__What you will do__: Would you return every entry below exactly as written, without its images?

-- Records for this exercise follows --

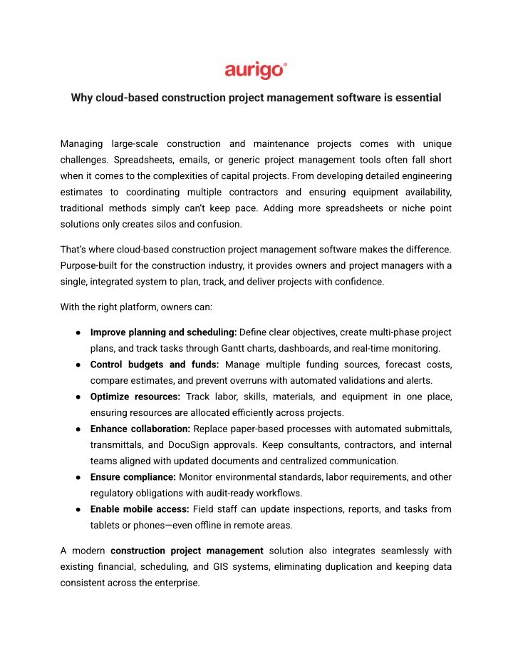 Why cloud-based construction project management software is essential Managing large-scale construction and maintenance projects comes with unique challenges. Spreadsheets, emails, or generic project management tools often fall short when it comes to the complexities of capital projects. From developing detailed engineering estimates to coordinating multiple contractors and ensuring equipment availability, traditional methods simply can’t keep pace. Adding more spreadsheets or niche point solutions only creates silos and confusion. That’s where cloud-based construction project management software makes the difference. Purpose-built for the construction industry, it provides owners and project managers with a single, integrated system to plan, track, and deliver projects with confidence. With the right platform, owners can: ● Improve planning and scheduling: Define clear objectives, create multi-phase project plans, and track tasks through Gantt charts, dashboards, and real-time monitoring. ● Control budgets and funds: Manage multiple funding sources, forecast costs, compare estimates, and prevent overruns with automated validations and alerts. ● Optimize resources: Track labor, skills, materials, and equipment in one place, ensuring resources are allocated efficiently across projects. ● Enhance collaboration: Replace paper-based processes with automated submittals, transmittals, and DocuSign approvals. Keep consultants, contractors, and internal teams aligned with updated documents and centralized communication. ● Ensure compliance: Monitor environmental standards, labor requirements, and other regulatory obligations with audit-ready workflows. ● Enable mobile access: Field staff can update inspections, reports, and tasks from tablets or phones—even offline in remote areas. A modern construction project management solution also integrates seamlessly with existing financial, scheduling, and GIS systems, eliminating duplication and keeping data consistent across the enterprise.
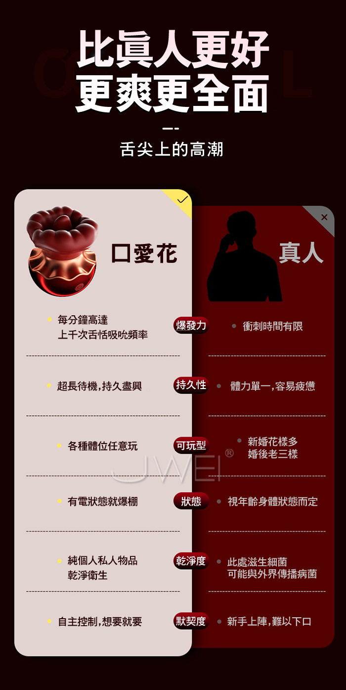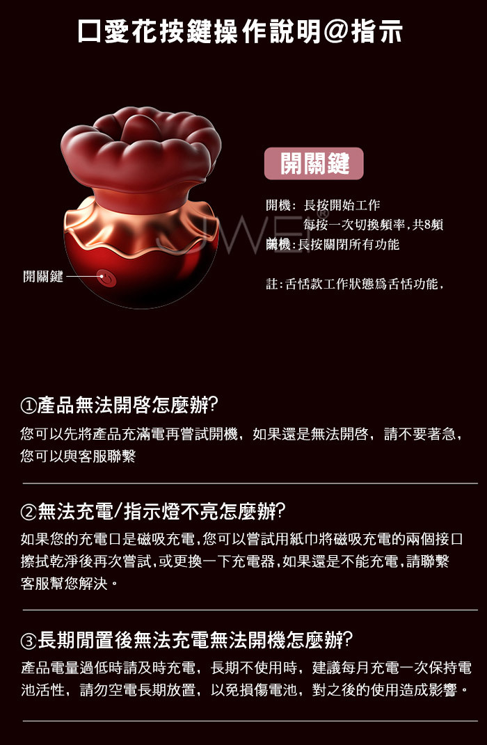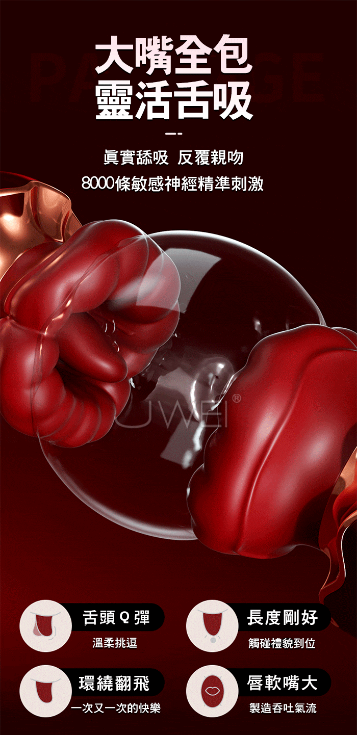口愛花.8段變頻 模擬真人嘴巴舌舔器 (舌舔款-红唇)
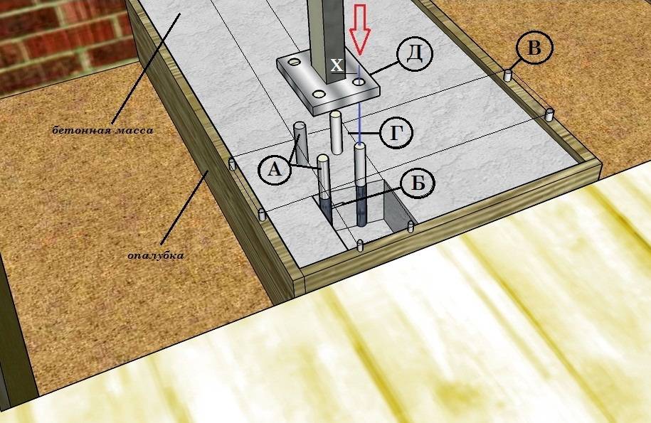 Технология устройства обоих вариантов фундамента под лестницу идентична технологии устройства столбчатого фундамента.
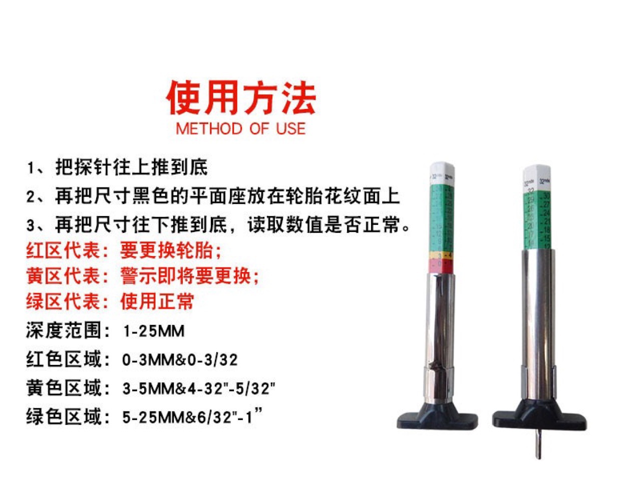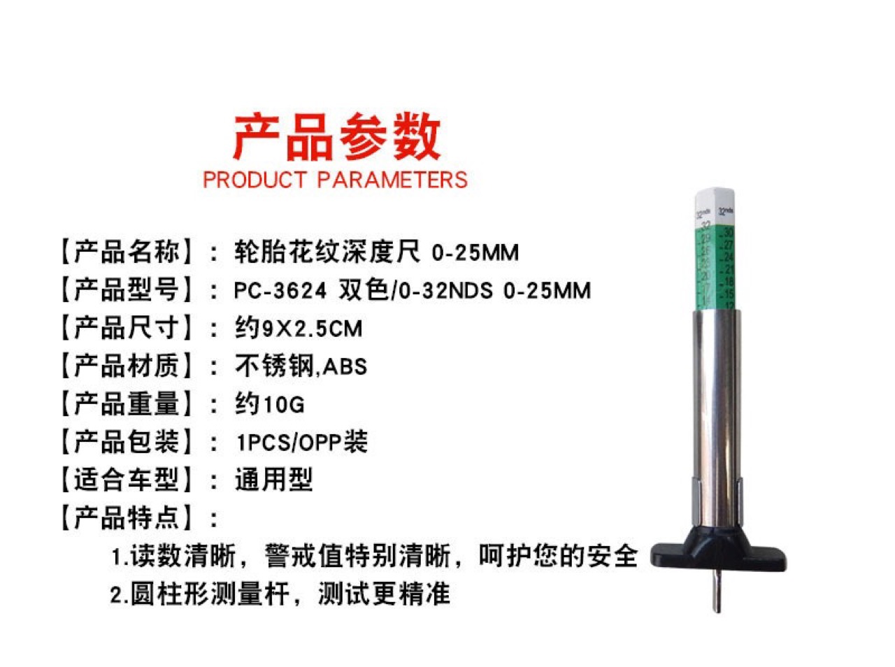 Ручка протектора 0-25 мм датчик глубины 32nds датчик протектора шины датчик глубины PC-3624 датчик рисунка шины
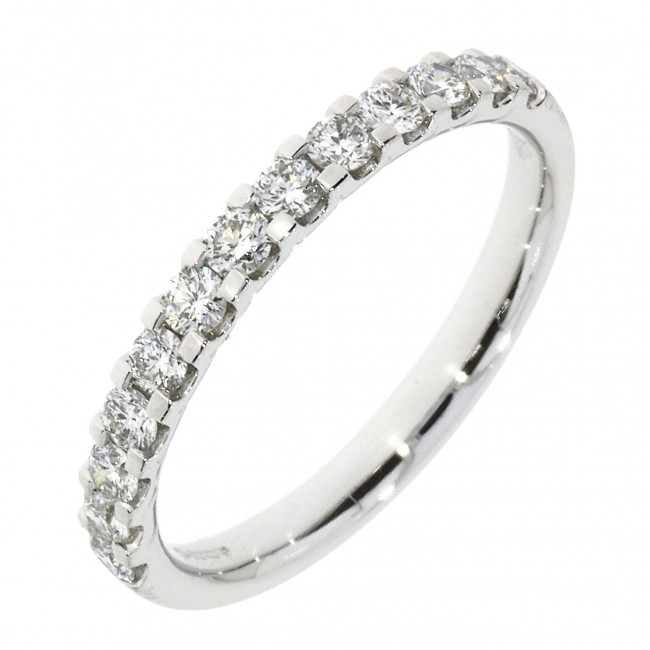 Thirteen brilliant cut diamonds are set flush within a low profile, castle setting featuring squared top clawed and a smooth surface. The Platinum band measures 2.2mm in width and compliments many styles of engagement ring.

-- Records for this exercise concluded --

__Task response__:
 Why cloud-based construction project management software is essential Managing large-scale construction and maintenance projects comes with unique challenges. Spreadsheets, emails, or generic project management tools often fall short when it comes to the complexities of capital projects. From developing detailed engineering estimates to coordinating multiple contractors and ensuring equipment availability, traditional methods simply can’t keep pace. Adding more spreadsheets or niche point solutions only creates silos and confusion. That’s where cloud-based construction project management software makes the difference. Purpose-built for the construction industry, it provides owners and project managers with a single, integrated system to plan, track, and deliver projects with confidence. With the right platform, owners can: ● Improve planning and scheduling: Define clear objectives, create multi-phase project plans, and track tasks through Gantt charts, dashboards, and real-time monitoring. ● Control budgets and funds: Manage multiple funding sources, forecast costs, compare estimates, and prevent overruns with automated validations and alerts. ● Optimize resources: Track labor, skills, materials, and equipment in one place, ensuring resources are allocated efficiently across projects. ● Enhance collaboration: Replace paper-based processes with automated submittals, transmittals, and DocuSign approvals. Keep consultants, contractors, and internal teams aligned with updated documents and centralized communication. ● Ensure compliance: Monitor environmental standards, labor requirements, and other regulatory obligations with audit-ready workflows. ● Enable mobile access: Field staff can update inspections, reports, and tasks from tablets or phones—even offline in remote areas. A modern construction project management solution also integrates seamlessly with existing financial, scheduling, and GIS systems, eliminating duplication and keeping data consistent across the enterprise.
口愛花.8段變頻 模擬真人嘴巴舌舔器 (舌舔款-红唇)
 Технология устройства обоих вариантов фундамента под лестницу идентична технологии устройства столбчатого фундамента.
 Ручка протектора 0-25 мм датчик глубины 32nds датчик протектора шины датчик глубины PC-3624 датчик рисунка шины
 Thirteen brilliant cut diamonds are set flush within a low profile, castle setting featuring squared top clawed and a smooth surface. The Platinum band measures 2.2mm in width and compliments many styles of engagement ring.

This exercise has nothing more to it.